:: Exercise input ::

-*-*-

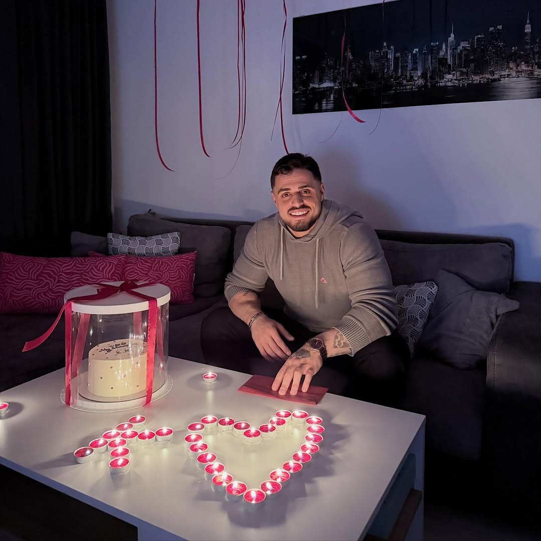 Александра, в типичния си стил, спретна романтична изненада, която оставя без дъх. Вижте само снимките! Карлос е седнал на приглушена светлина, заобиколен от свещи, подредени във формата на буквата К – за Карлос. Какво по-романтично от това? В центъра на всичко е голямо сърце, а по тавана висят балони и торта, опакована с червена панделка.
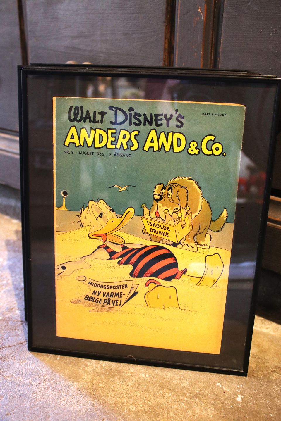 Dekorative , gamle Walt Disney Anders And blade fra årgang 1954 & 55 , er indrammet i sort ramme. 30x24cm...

-*-*-

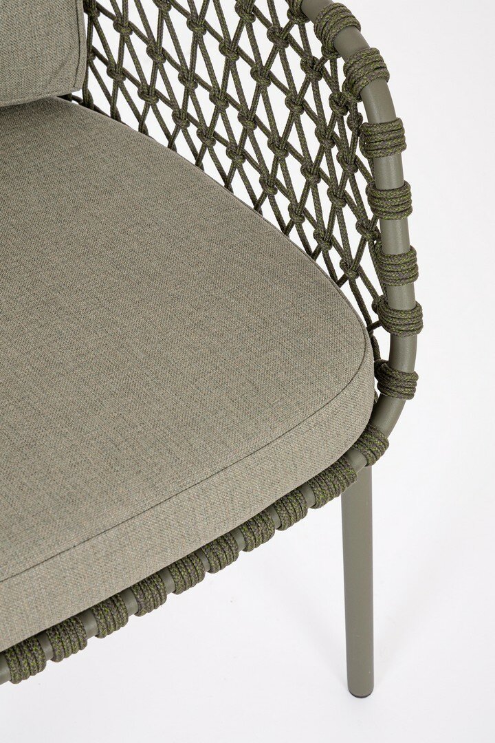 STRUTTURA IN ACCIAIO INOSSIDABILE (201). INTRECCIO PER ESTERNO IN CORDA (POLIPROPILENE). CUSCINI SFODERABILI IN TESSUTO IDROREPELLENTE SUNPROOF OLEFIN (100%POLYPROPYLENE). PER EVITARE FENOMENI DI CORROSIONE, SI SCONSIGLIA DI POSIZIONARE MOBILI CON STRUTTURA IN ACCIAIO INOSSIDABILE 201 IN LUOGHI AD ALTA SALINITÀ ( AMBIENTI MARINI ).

-*-*-

Everything between and including the line above containing "Александра, в типичния" and the line containing "Dekorative , gamle" should be reproduced exactly, with pictures excluded.

 Александра, в типичния си стил, спретна романтична изненада, която оставя без дъх. Вижте само снимките! Карлос е седнал на приглушена светлина, заобиколен от свещи, подредени във формата на буквата К – за Карлос. Какво по-романтично от това? В центъра на всичко е голямо сърце, а по тавана висят балони и торта, опакована с червена панделка.
 Dekorative , gamle Walt Disney Anders And blade fra årgang 1954 & 55 , er indrammet i sort ramme. 30x24cm...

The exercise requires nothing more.